Friday, 11 October 2019

Trinity 17 (28C) St Richard, Haywards Heath 

I live by God and my phone. One of those who never uses cash, flicks their phone over the till and goes off paperless. Anne and I were driven mad by chasing till receipts and comparing them with bank statements at three monthly intervals. Now it's a monthly perusal of a rather longer bank statement in which we recall our till transactions with five A4 sheets rather than 200 unreadable till receipts.

All very good, but what do you do faced with a street person seeking assistance if you don’t carry cash? At least talk to them, listen to them, affirm them, rather than passing by on the other side. Homelessness is a growing scourge. In Bentswood some of my neighbours recently found a man camping in the woods, took him in and fed him. That’s why I’m pleased St Richard’s is taking note of World Homeless Week with harvest collections and goods today being given to a local homeless charity.


I’m pleased to ‘speak into’ a eucharist geared to advancing God’s kingdom in this realm having two years ago left a village divided over building more homes. Horsted Keynes has yet to finalise it’s village plan over where houses should go as quite a few don’t want them in their backyard. A very human response, but Sussex has a housing crisis on that account.

Today’s Gospel from Luke 17:11-19 fits our harvest theme of thankfulness which might prompt us to be more grateful for a roof over our heads. As I engage with people living on the streets, my first thought is, what it must be like to live outside through a blustery night let alone the deep chill of winter that’s approaching? My hedge is covered with berries, said to be a pointer to a hard winter ahead.

To the Gospel! It’s linked to the Old Testament story of Syrian army commander Naaman healed by bathing in the Jordan which is parallel to the story of the ten lepers healed more simply just by meeting Jesus. In the second part of the Gospel one leper is praised for showing gratitude. ‘We’e not all ten made clean?’ Our Lord asks. ‘The other nine, where are they? It seems that no one has come back to give praise to God, except this foreigner.’ And he said to the man, ‘Stand up and go on your way. Your faith has saved you.’ 

Notice the nine were spoken of by Our Lord as being ‘made clean’ but the thankful leper was said by Jesus to be saved. In other words thankfulness is a quality that demonstrates the fullness of life we Christians call salvation. It’s a sign we’re living life to the full, life as God wills it. Archbishop Michael Ramsey described thankfulness as ‘a soil in which pride finds it hard to take root’. If we see our whole life as given by God that recognition protects us from obsessive self interest. 

To walk through life in God’s company makes us less out for ourselves and more out for those on the heart of God - and can we imagine Our Lord’s heart other than warmly extended to those living on the coldness of the streets? 

‘Come to me, all you that are weary and are carrying heavy burdens, and I will give you rest’ he says in Matthew 11:28. As Christians we are bearers of that invitation through practical action, such as we’re about at harvest festival, but also by our presence alongside the homeless.
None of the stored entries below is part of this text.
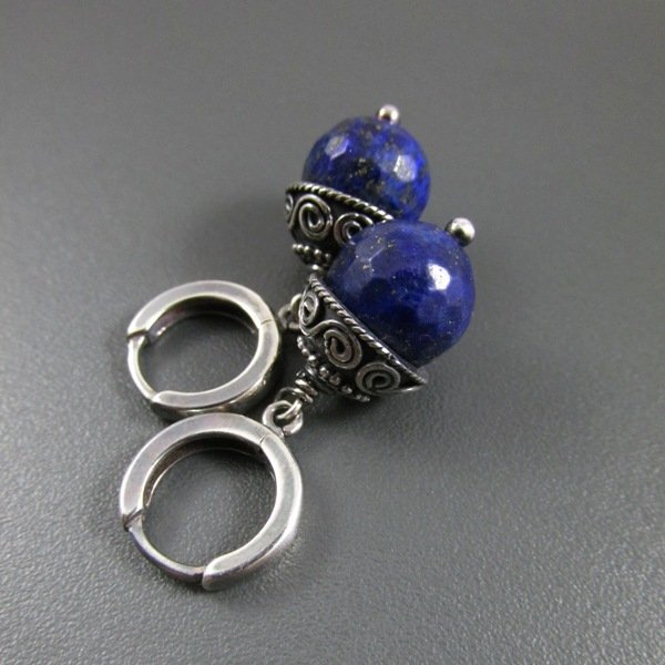 Kolczyki wykonane z fasetowanych kul lapis lazuli 10 mm. Całość oprawiona w srebro 925, oksydowane i wypolerowane, w tym miseczki bali. Długość kolczyków wynosi ok. 32 mm. Elegancko zapakowane.
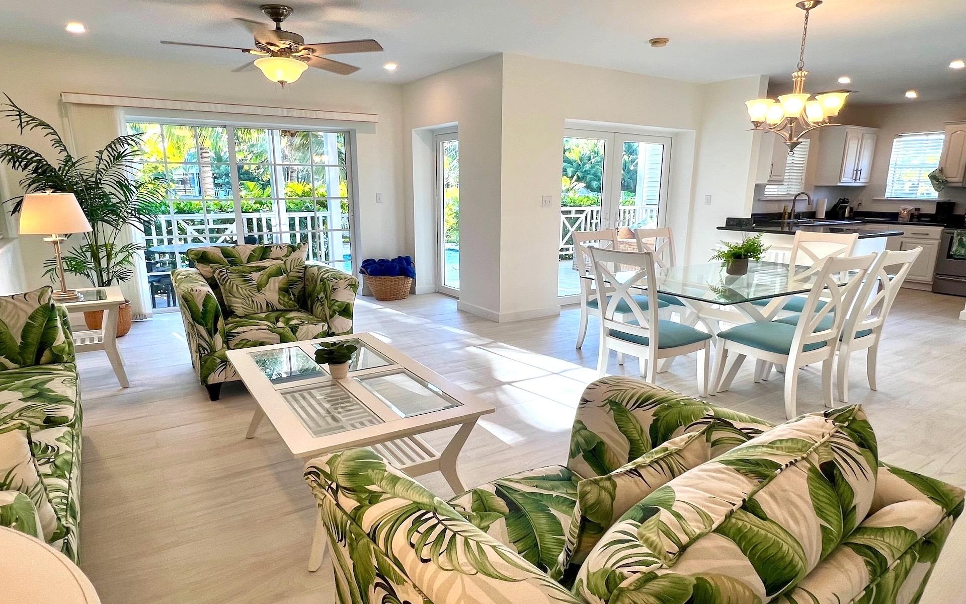 Set on one of the largest lots in Sandyport, with lush landscaping that creates a beautiful, private living experience. The home has a brand-new, large Coral stone-rimmed pool that creates a beautiful Ambiance and a view beyond King Fisher Island, with its fully built-out luxury homes. Recently renovated and upgraded, 4 Royal Palm Cay is move-in ready. The home has 3 ensuite bedrooms and a large family room. All of the cabinetry is solid wood, and the countertops are granite. Both upstairs and downstairs have large covered balconies overlooking the canal and the home's private beach and dock beyond. 4 Royal Palm Cay is ready now for you to begin your Sandyport Lifestyle
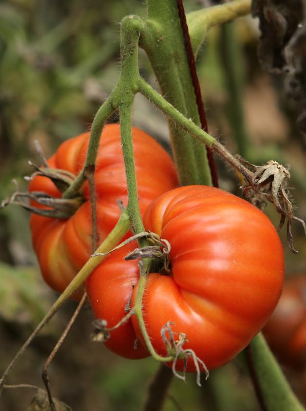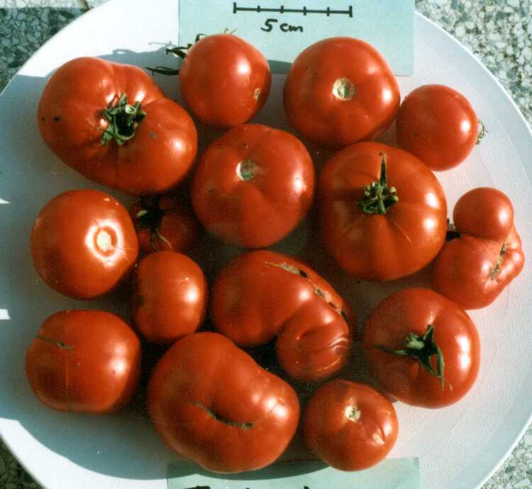 Riesen-Fleischtomate, manchmal beutelartig, am Stielansatz oft geplatzt
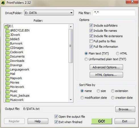 PrintFolders可以将文件及文件夹列表打印成一个简单清楚的文件。它的主要功能包括:列出所有目录树,指定或拒绝相应文件,按名称,扩展名,大小或日期排列文件。

Of course there’s politics here, issues of lifestyle, family breakdown and the like. The beauty of thankful living is that you go blind to all of that and, seeing all you have as a gift, those you meet, even on the streets, can be welcomed as part of that gift.
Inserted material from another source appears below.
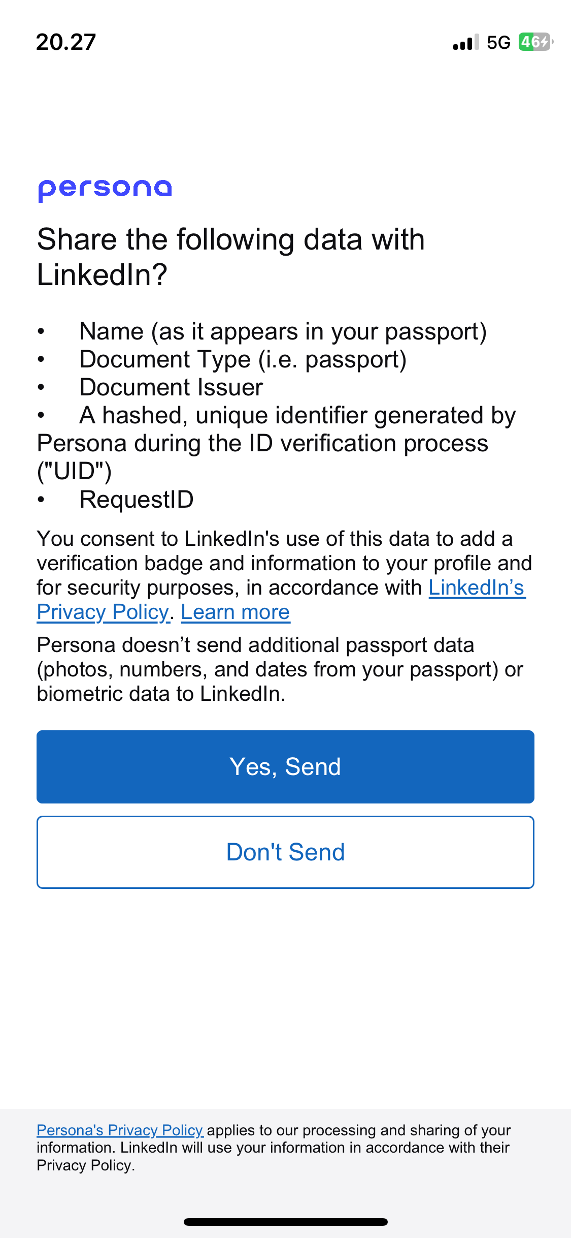 Data collection and sharing: Persona handles the personal data needed to verify your identity (including an image of your ID and a selfie), but LinkedIn will provide Persona with a hashed version of your LinkedIn Member ID to link the verification to your account. Persona shares the following with LinkedIn, with your consent:
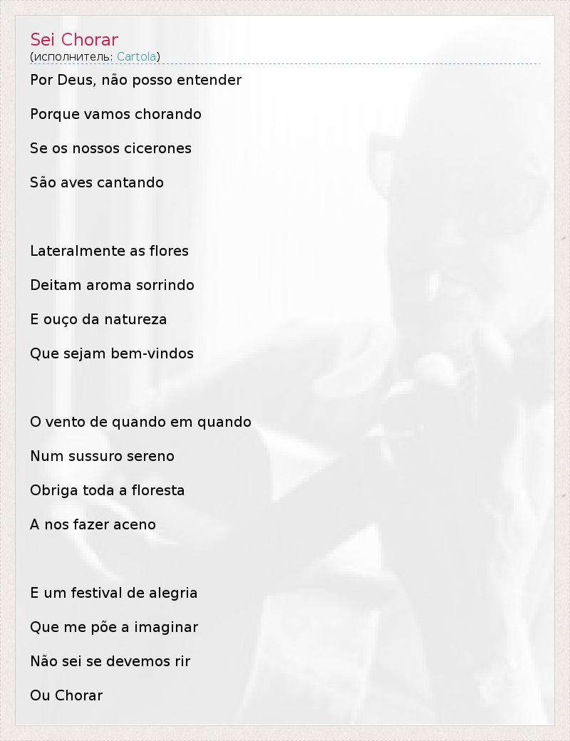 Это интересно:Есть две самбы. Одна - самба Картолы (Cartola) (1908-1980), и другая - все остальные. Это высокомерное утверждение, но я думаю, что это так и есть. Слушая много бразильской музыки, я продолжаю открывать супергигантов; Бразилия полна больших музыкантов. Но я все еще чувствую, что Картола является каким-то особенным. Для меня, Картола представляет самую красивую сущность бразильской музыки. Музыка... продолжение

On a recent visit to Crawley Down Monastery being a Feast Day there was a talking meal. I sat beside a man who explained to me how the monks took him in regularly as he had no home. I learned quite a bit about what it was like to live on the street, the way drunken youths harass street people, and so on. I asked him what was most important to him about the way people react to the homeless. ‘Speak to us’ he said, ‘recognise our humanity. That’s much more important than any coin you can give us’. 

It’s easier said than done. I’m more on the case than I’ve been in the past, fuelled by a lack of 50p pieces, determined though to provide something as from the Lord.
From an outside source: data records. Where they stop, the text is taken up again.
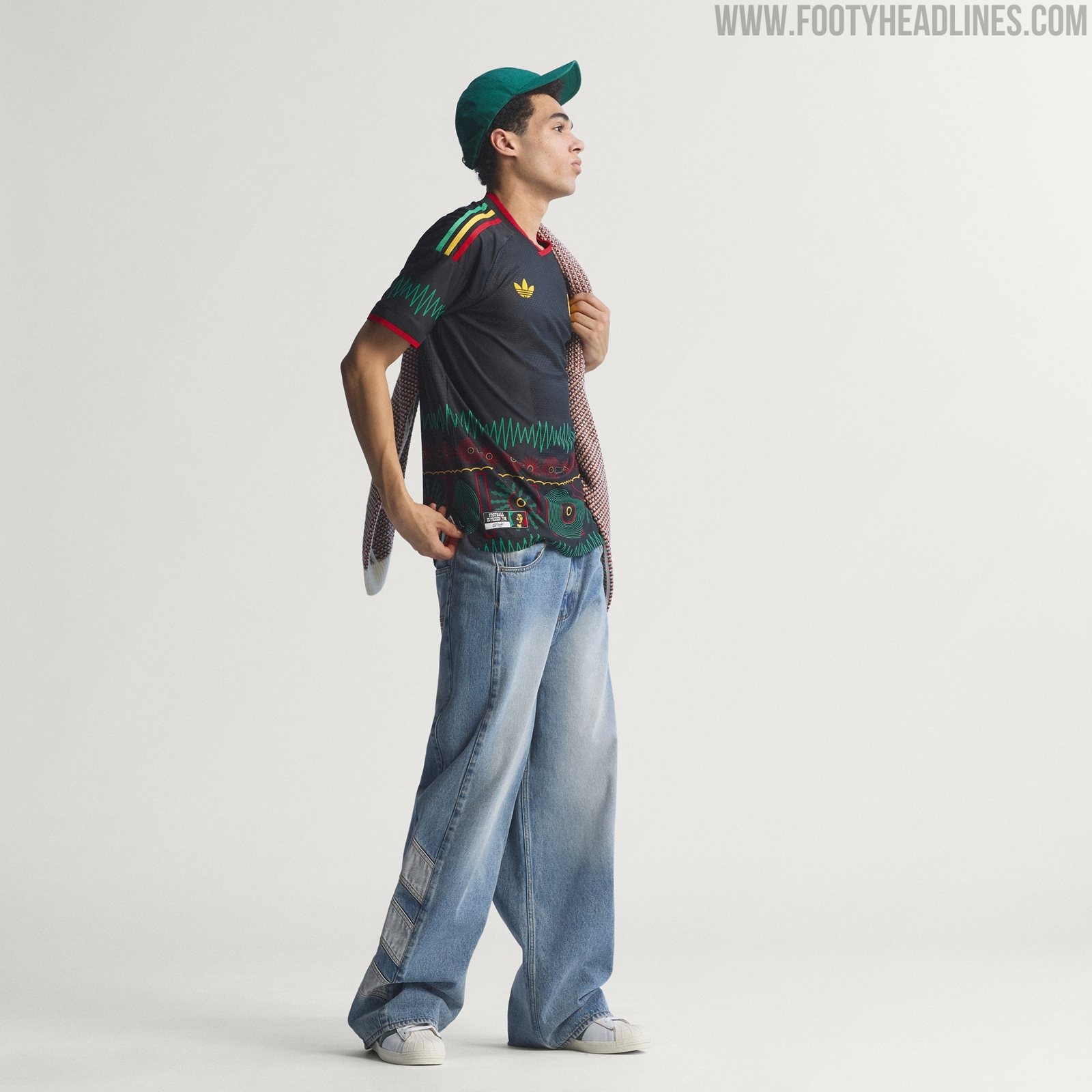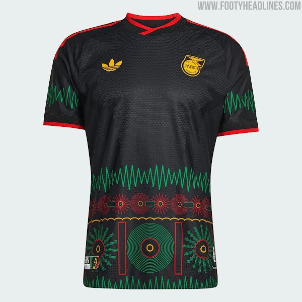 客场球衣则以黑色为基底,融入富有本土特色的牙买加传统艺术图案与装饰纹样,在现代剪裁下展现浓厚文化底蕴。与阿迪达斯2026系列其他客场球衣一致,新款牙买加客场战袍采用经典三叶草(Trefoil)标识,而非现行的Performance Logo,强化复古与文化表达。
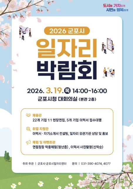 뉴스투게더 김인숙 기자 | 군포시는 오는 3월 19일 오후 2시부터 시청 대회의실에서 ‘2026년 군포시 일자리 박람회’를 개최함에 따라 2월 10일부터 2월 27일까지 박람회에 참여할 기업체를 모집한다.
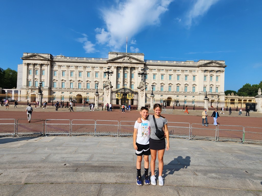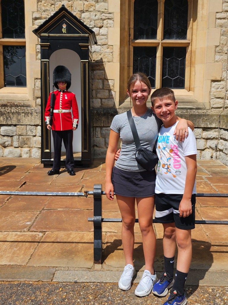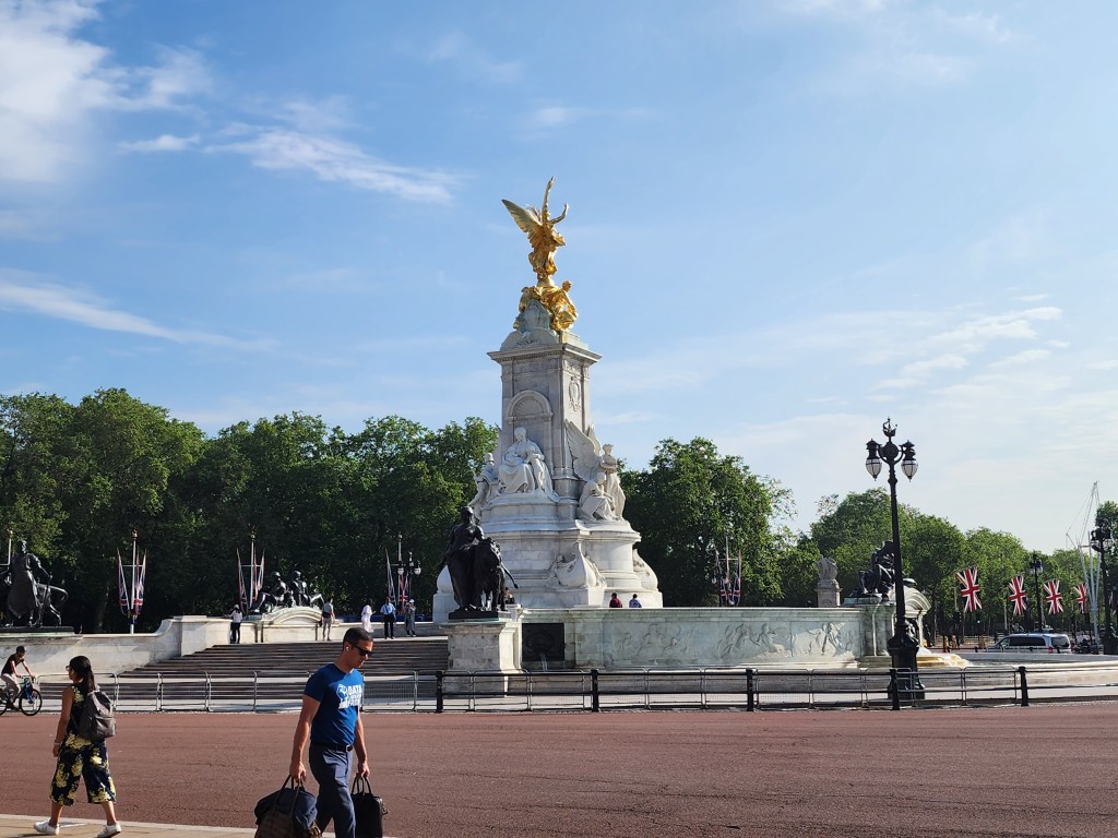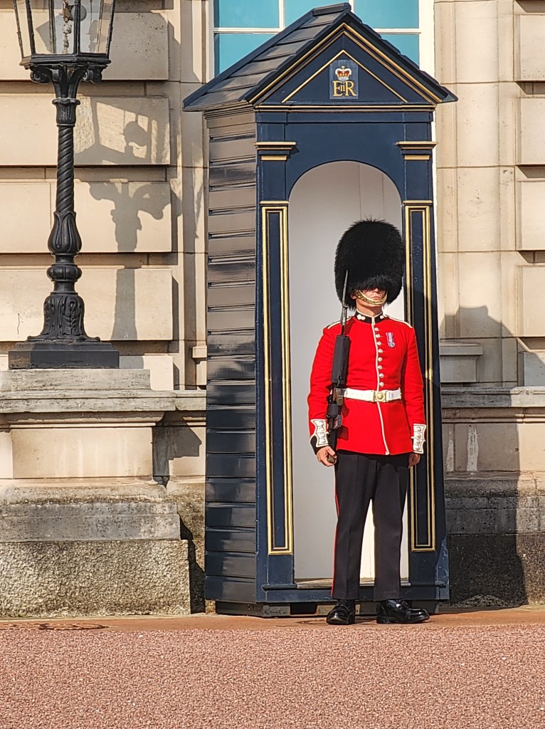 Today, we took an all-day tour of London in a big tour bus, which I really dislike doing. I am guessing I didn’t read the description fully, but it did hit all the places we were looking to hit. We started our day at the Buckingham Palace, the royal residence. For the last few generations, the Royals have spent less and less time here and more time at the much favored Windsor Castle. The flag flying at the top of the Palace is the flag of Britain, indicating that the King is NOT in residence. Above the guard, you can still see it is ER with a little II in teh middle. This stands for Elizabeth Regina II or Queen Elizaebeth the Second. Throughout London, we saw a mixture of the new cypher for King Charles and the old cypher for Queen Elizabeth.

This morning in Rome Pope Francis is canonising former Anglican priest John Henry Newman. Some of you know I’ve been invited by Fr Trevor to preach at 6.15pm Vespers up the road at St Paul’s. Newman’s motto ‘Cor ad cor loquitur’, let heart speak to heart, captures what it is to live thankfully with compassion towards others. I want to end with his famous fragrance prayer, his prayer for grace to radiate Christ to a needy world.

Dear Jesus, help me to spread your fragrance everywhere I go.
 Flood my soul with your spirit and life.
 Penetrate and possess my whole being so utterly, 
that my life may only be a radiance of yours.

 Shine through me, and be so in me 
that every soul I come in contact with
 may feel your presence in my soul.
 Let them look up and see no longer me, but only Jesus!

 Stay with me and then I shall begin to shine as you shine,
 so to shine as to be a light to others; 
the light, O Jesus, will be all from you; none of it will be mine;
 it will be you, shining on others through me.

 Let me thus praise you the way you love best, by shining on those around me.
 Let me preach you without preaching, not by words but by my example,
 by the catching force of the sympathetic influence of what I do, 
the evident fullness of the love my heart bears to you. Amen.